━━━ INPUT ━━━
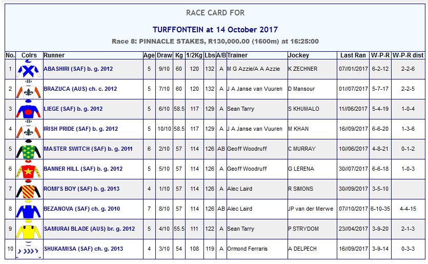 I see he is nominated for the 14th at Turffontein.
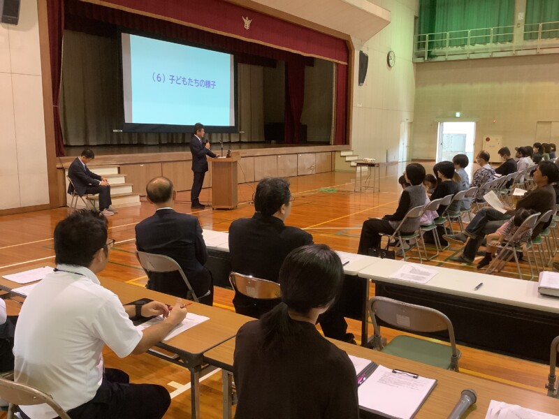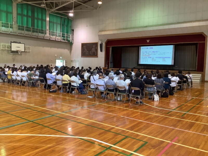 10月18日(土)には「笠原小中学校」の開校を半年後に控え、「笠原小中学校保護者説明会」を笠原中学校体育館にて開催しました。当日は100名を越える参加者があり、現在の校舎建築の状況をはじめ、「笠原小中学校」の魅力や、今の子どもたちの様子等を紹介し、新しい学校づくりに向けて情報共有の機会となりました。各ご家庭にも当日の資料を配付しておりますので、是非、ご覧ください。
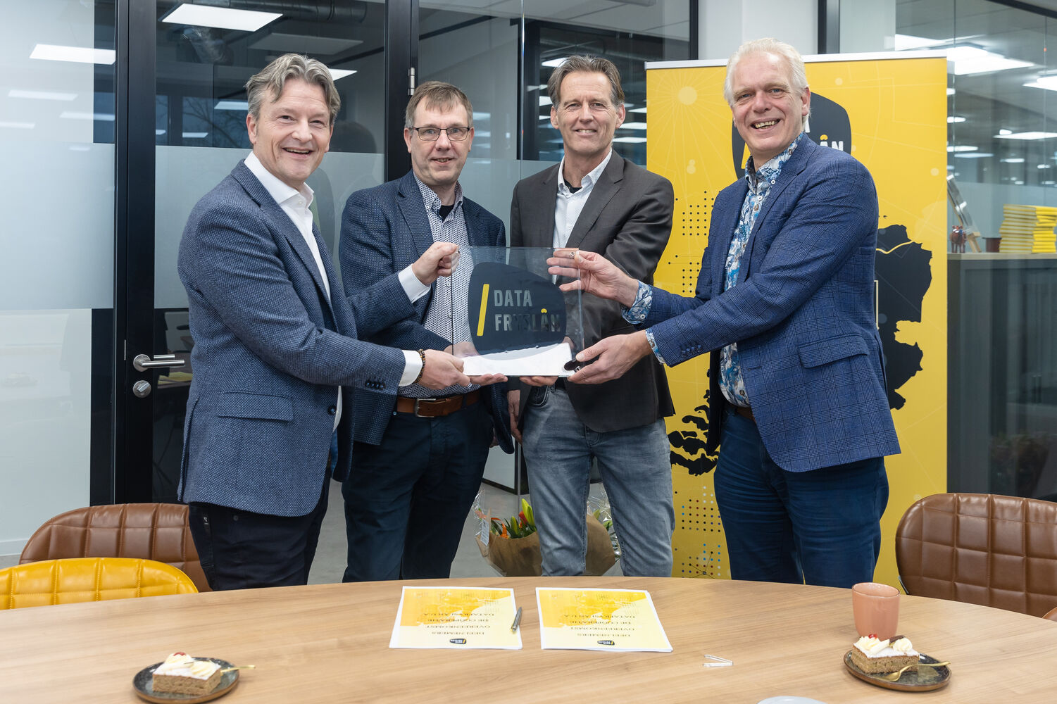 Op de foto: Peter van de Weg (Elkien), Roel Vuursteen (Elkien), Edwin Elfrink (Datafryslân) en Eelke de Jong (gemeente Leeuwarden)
━━━
━━━ INPUT ━━━
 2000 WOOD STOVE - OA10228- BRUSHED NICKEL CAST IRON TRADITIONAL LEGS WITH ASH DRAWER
━━━
━━━ INPUT ━━━
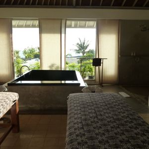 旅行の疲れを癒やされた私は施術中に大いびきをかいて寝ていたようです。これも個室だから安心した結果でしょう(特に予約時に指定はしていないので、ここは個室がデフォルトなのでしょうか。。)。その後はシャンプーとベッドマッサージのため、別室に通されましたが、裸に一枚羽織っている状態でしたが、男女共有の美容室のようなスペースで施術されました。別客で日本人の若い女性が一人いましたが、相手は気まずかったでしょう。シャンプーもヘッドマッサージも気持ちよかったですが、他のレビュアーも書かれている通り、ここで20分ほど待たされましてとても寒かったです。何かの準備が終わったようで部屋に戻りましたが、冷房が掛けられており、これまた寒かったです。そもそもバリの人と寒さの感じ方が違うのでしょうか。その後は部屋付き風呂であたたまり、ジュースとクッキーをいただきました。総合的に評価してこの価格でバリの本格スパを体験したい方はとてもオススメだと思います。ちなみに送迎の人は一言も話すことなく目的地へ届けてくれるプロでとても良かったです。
━━━
What are the lines in the records above, word for word, from the one containing "I see he is" through the one containing "Op de foto: Peter", both ends included and pictures left out?

__YOUR SOLUTION__.
 I see he is nominated for the 14th at Turffontein.
 10月18日(土)には「笠原小中学校」の開校を半年後に控え、「笠原小中学校保護者説明会」を笠原中学校体育館にて開催しました。当日は100名を越える参加者があり、現在の校舎建築の状況をはじめ、「笠原小中学校」の魅力や、今の子どもたちの様子等を紹介し、新しい学校づくりに向けて情報共有の機会となりました。各ご家庭にも当日の資料を配付しておりますので、是非、ご覧ください。
 Op de foto: Peter van de Weg (Elkien), Roel Vuursteen (Elkien), Edwin Elfrink (Datafryslân) en Eelke de Jong (gemeente Leeuwarden)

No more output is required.